This was then followed by a return to moderate growth in July and August. The June surge was 8 percent year on year, before an easing to a 0.9 percent year-on-year gain in July and a 2.4 percent year-on-year rise in August.

This data is for all Acsa airports, but the most important airports from an economic perspective are the international airports at Cape Town, Durban and Johannesburg. These airports showed a mixed trend with Durban achieving growth in international arrivals near 25 percent year on year in the past three months, while Cape Town had year-on-year declines in the past two months, and Johannesburg had a drop in July followed by an increase in August.

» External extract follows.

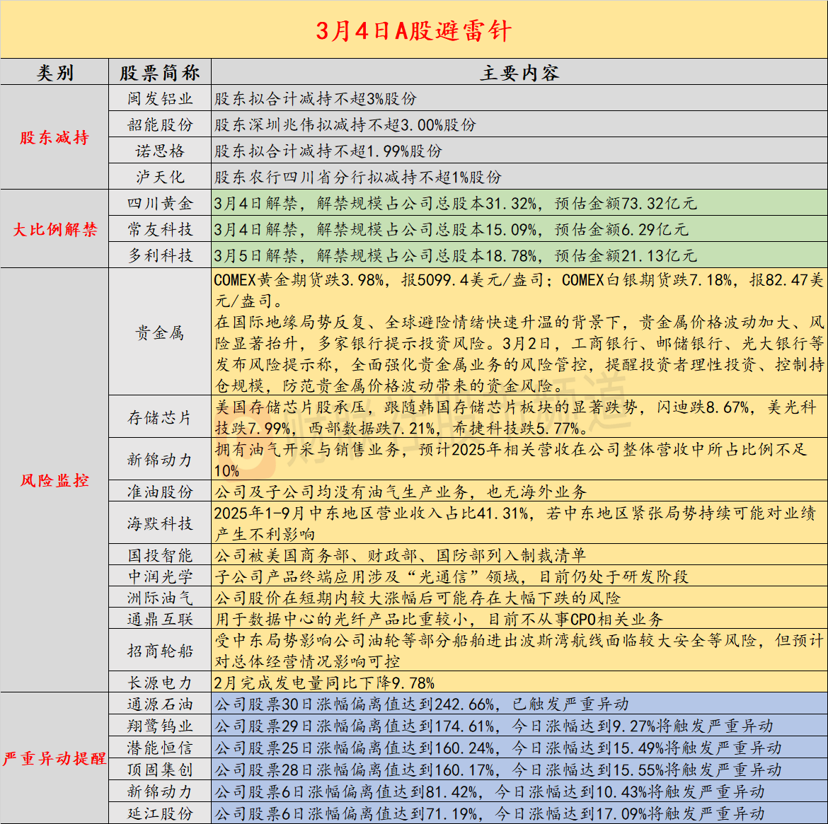 导读:3月4日投资避雷针,近日A股及海外市场潜在风险事件如下。国内经济信息方面包括:1)贵金属市场波动加大,多家银行提示投资风险;2)上期能源所调整原油等期货相关合约交易限额;公司方面重点关注包括:1)20CM两连板新锦动力表示,拥有油气开采与销售业务,预计2025年相关营收在公司整体营收中所占比例不足10%;2)两连板准油股份公告,公司及子公司均没有油气生产业务,也无海外业务;海外市场重点关注包括:1)美股三大指数集体收跌,费城半体指数跌4.58%;2)美国国债连续第二日下挫,交易员对美联储降息的预期明显降温。

The main reason for the relative performance of Durban and Cape Town is capacity, as Durban increased capacity due to the start of British Airways direct flight between Durban and London, while Cape Town has seen a 9 percent year-on-year reduction as Air France, Air Namibia and Emirates cut the number of flights to Cape Town, while Air Mauritius, Condor, Edelweiss and Kenya Airways increased the number of their flights.

Wesgro said that forward bookings for the September to December period show a 4 percent increase compared to the same period in 2018, so that should be reflected in the Cape Town data going forward.

In August the relative shares of the four main categories of arrivals were 69 percent for domestic arrivals, 27.5 percent for international arrivals, 3.2 percent for regional arrivals and only 0.3 percent for unscheduled arrivals. It is therefore useful to look at domestic arrivals to gauge the level of economic activity, whether that is business people looking to make a deal, tourists seeing the sights or people visiting loved ones.

The domestic arrivals data showed a similar pattern to that of international arrivals with a 1.5 percent year-on-year drop in May followed by a 8.6 percent year-on-year surge in June before easing to 2.2 percent year-on-year and 3.2 percent year-on-year increases in July and August respectively. 

What is interesting here is that Durban had a 6.9 percent year-on-year jump in August after only a 0.3 percent year-on-year gain in July, while Cape Town had a 1.2 percent year-on-year rise in August after a 2.3 percent year-on-year gain in July, while Johannesburg had a 1.6 percent year-on-year rise in August after a 3.2 percent year-on-year gain in July.